I know on the night many of my college mates came and the house was full both nights. Fiona Crosthwaite-Eyre was a staunch supporter of our work and had hosted that fateful evening when several key villagers and pantomime people had tried to disuade us from doing the project. She came up to me and squeezed me tightly and said "You showed them, that was the best pantomime ever well done." Support and belief from all factions in our community was paramount, apart from doing the work, the prevailing wind of good luck and bedrock of invested interest by villagers was equally important. This was a great lesson which taught us the importance of the community's participation in an artistic process, the controversy it can provoke as well as the substantial amount of social cohesion it can produce.

I guess what I am trying to say is Nick and Jeanie offered my sister and me several years of fun and serious play in the countless pantomimes, mummers plays and events that peppered our calendar. When it came to doing our own pantomime, Romyette and Julio, we were both very privileged and challenged. We instigated the project and fortunately for us Nick collaborated and wrote the script and advised us on the process. Who could boast this type of artistic license and creative support? Minstead, with Nick and Jeanie in it is a special place. I have since studied and still work in the performance field both as an academic researcher and lecturer and through this work I still find myself connected to and part of the wider experiment and success story of what Jeanie and Nick gave to the New Forest. It was an exceptional time in my life and I think the same can be said by many other participants in these wonderful pantos. I am grateful for this time and also consider the work other artists in community do as another example of enriching communities with art, music and theatre work. In our profit driven society it feels gracious and timely to honour the people that reinforce value and community relations above making a buck. Bless Jeanie and Nick and thank you very much for getting this site together to commemorate and celebrate your achievements. (Posted by Siouxsie Cooper)

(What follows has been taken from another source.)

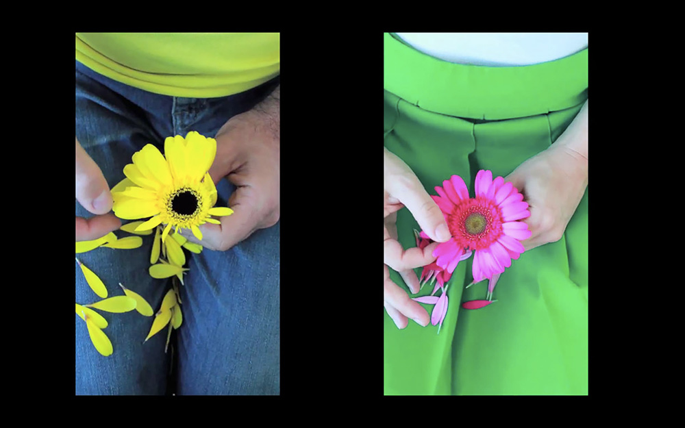 La exposición está formada por la selección de 3 videos/artistas. El primero del artista Deborah Engel, títulado Devir donde se ve a dos personas sacando pétalos de flores como casi un juego infantil para saber si el otro le ama. De una manera, parece que es obvio la identidad de un hombre y una mujer que tienen colores distintos cada uno sacando sus respectivos pétalos. Flores iguales de colores distintos, así como las personas. En ese preciso momento realizan el mismo acto y podrían cambiarse de colores y flores o de ubicación. Pero cada uno en su imaginario crea una realidad, un deseo, una voluntad de resultado para ese juego que finalmente termina igual que al principio, sin que sepamos que pasó dentro de sus cabezas, un territorio de abstracción mental de cada uno y el resultado logrado o no.

This was the logo used on the tickets and the programs and the fronts of the scripts we used to give the children for colouring in. The story was a sort of silly version of Romeo and Juliet. I often wonder what would have happened if the Friar's plot hadn't failed so disastrously, I imagine the Montague's and Capulets would have been fighting again in about 10 minutes and that's what happens in this story.

Anyway it was brilliantly directed by young Susie and Cally cooper and here I am handing the script over to them. I didn't interfere very much - or at any rate that is what I thought. Nick

Some photos of the show

Some good photos of this turned up from someones collection and were on show at the exhibition. Here are some of them.
At the top Chloe Madden (now an officer in the army training helicopter pilots in 2010) as Romyette with Julio (Alex Titheridge) both of whom were terrific. Below Bill Cooper, great as "The Boss", gets covered in what looks like spaghetti for no good reason except that the scriptwriter and directors liked mess. (What is a panto without it?)


Here's a review of the show from the Echo
And finally the youngest star Sarah Jackson aged 5, with Amy Roche and Jenny Bates. Sarah put in a terrific performance. Mentioned in the review and in Siouxsie piece at the top, she was amazing. I saw her today. Aged 22, she has a long term partner, lives in Hythe and works as a carer.